Wednesday, December 13, 2006

Volatility is a curse

It is surprising why fundamental analysis are using standard deviation or dispersion related statistical term to measure the risk of a stock. In common sense, it does not bring any true meaning at all to individual investors. For institutional investors, it is some how argued that, measuring risk using standard deviation means that institutional investors want to have a smooth return on the entire portfolio. This sound a bit logical as institutional investors often like to stabilize the return with passive portfolio management technique and spent more of their time to market their investment product and convince the public why they should continuously earn a 1.5% management fees.

In fact, as an individual investor, risk should never be measure with standard deviation. Instead, risk could be more objectively measured with potential loss from enter to cut loss point.

While maintaining a balance point of view and trying my best to rationalize why the many investment community still keep learning traditional finance theory to measure risk using the dispersion concept, I found a reasons:

Whenever the market is topping and people are acting irrational, the price volatility is often great and thus produces a high risk scale from the measurement of standard deviation. (OMG, seems like not true also, people are using standard deviation from the entire historical data, not using a standard deviation with embedded moving average formulae)
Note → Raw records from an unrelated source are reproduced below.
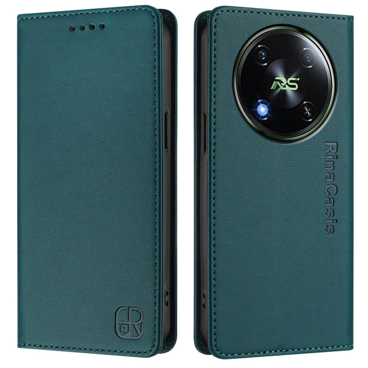 Funda de Cuero Rfid para Teléfono Itel Rs4/S666Ln Rc01 con Doble Pliegue y Succión Magnética (Verde Oscuro)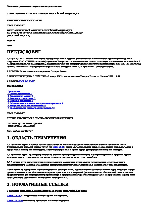 СНиП 31-03-2001: Производственные здания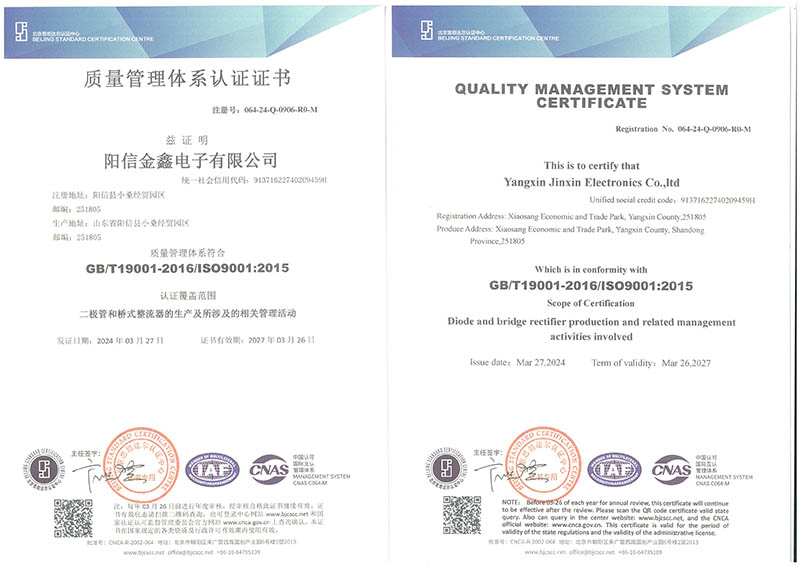 • 质量管理体系认证证书

Sadly, even the most convincing reason couldn’t convince me why we should use a standard deviation to measure risk. The concept of total portfolio to me is just a truly ignorance on which stock to pick in the investment process.

It is indeed a stupid question to consider about, to consider the strategy from those dreamers who never play stock before.

Nonetheless, I wish to end this with some useful idea. Volatility is indeed a curse. Surprisingly, none of the famous technical analysis books seem to touch on this topic. The argument is simple. High volatility tends to stop some investors out of the game. And sudden spike without support from inspiring fundamental changes in the company itself should be viewed as a golden opportunity to take profit. After all, ask yourself this question: “Are you willing to buy a stock when the price shoots up suddenly but it doesn’t has any changes in the fundamental value?” Unless mindless and blind TA hardcore (which jump into every breakout), nobody will go in. People will tend to wait for the price to drop back to the near the original level because they have strong anchor to the old pricing level. If so, who else will buy the stock with sudden spike? Who are going to push the price higher?

Moral of the story: Highly spike is god given, don’t be greedy and nail down the profit.